Tips for Parents about Education

All students applying to traditional degree programs are held to the same academic standards and procedures. While more and more colleges are accommodating students with disabilities, they are not covered by IDEA, therefore, students with disabilities are not "entitled" to the services and support they get in high school. Instead, they must demonstrate that they are eligible for certain services and support. While a student with disabilities still has certain rights, as outlined by the Americans with Disabilities Act (ADA) and the Rehabilitation Act of 1973, there are limits to what colleges are required to provide and adjust. However, programs do exist to help students with disabilities get accommodations and services to assist them to succeed in higher education.

Some services such as transportation from home to school and assistance with using the restroom or eating lunch are not required to be provided by colleges and universities under the ADA or Section 504. These services may be essential for your child to attend college. You many need to talk with Disabled Student Services and other students who have the same needs about creative solutions to meet these needs.

Visit for information on finding the right post-secondary institute.

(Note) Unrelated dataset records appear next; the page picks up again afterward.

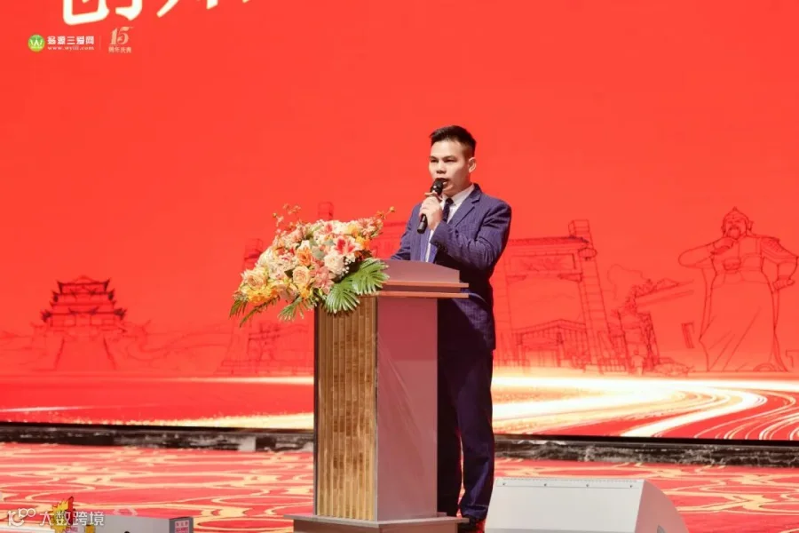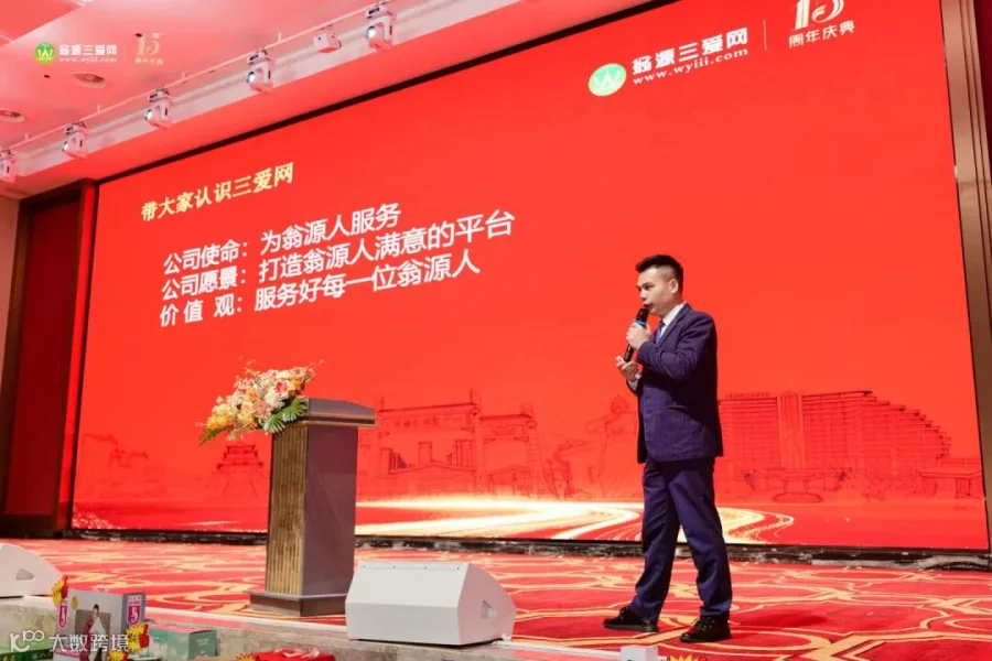庆典正式开场,三爱网创始人陈总首先为活动致开幕词。他回顾了公司十五年来的发展历程,感恩每一位伙伴的信任与陪伴,并阐述了始终秉持的“有爱、互爱、大爱”的三爱精神。
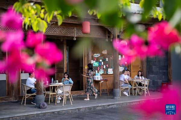 游客在和順古鎮內游覽(2022年5月27日攝)。新華社記者 陳欣波 攝 依托豐富的傳統村落資源,騰沖通過精準產業定位,實現傳統村落一二三產融合發展,走以旅游為龍頭的產業發展道路,結合傳統村落實際,培育各具特色的農旅融合產業,著力打造一批環境優美、生態秀美、民風淳美的美麗鄉村及活態傳承的傳統村落,從而實現“望得見山、看得見水、記得住鄉愁”的美好愿景。 騰沖市清水鄉三家村中寨司莫拉佤族村是一個有著500多年歷史的佤族聚居村寨,該村圍繞村莊旅游資源,成立騰沖市清水司莫拉幸福佤鄉旅游專業合作社,因地制宜構建“黨支部+公司+合作社+農戶”的經營模式,發揮傳統村落自身特色,激發傳統村落內生動力。合作社通過盤活老茶園、研發農特產品、引進司莫拉餐廳、發展大米粑粑制作等積極拓展鄉村旅游業態,農戶也自發建起了農家樂、民宿,從事農特商品售賣。
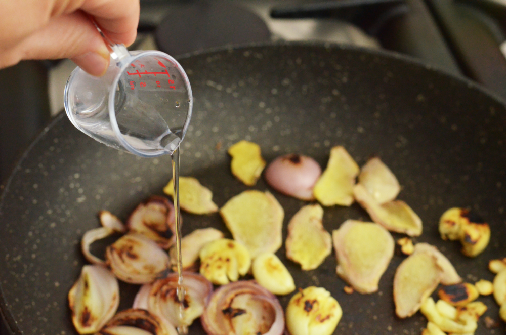- Add water and cover to let it steam the charred aromatics to soften. Remove and set aside to cool.
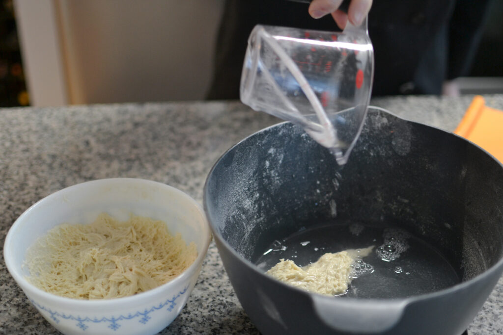 Add 4 cups of warm water to a bowl and sprinkle in the sugar without mixing. We want the sugar to be on the bottom. Taking from the middle of the stiff starter, cut into 4 equal parts. Squeeze the dough to remove any excess air. Add to the water and let sit for 20 minutes.

How to help your child prepare.

There are many steps parents can take to actively participate in their child's transition planning. For example:

  • First and foremost, foster independence and encourage your child to become involved in his/her IEP planning.
  • Talk about college, how it's different from high school and what will be expected.
  • Visit a college to help your child get "a feel" for the environment.
  • Encourage your child to take a college class while still in high school.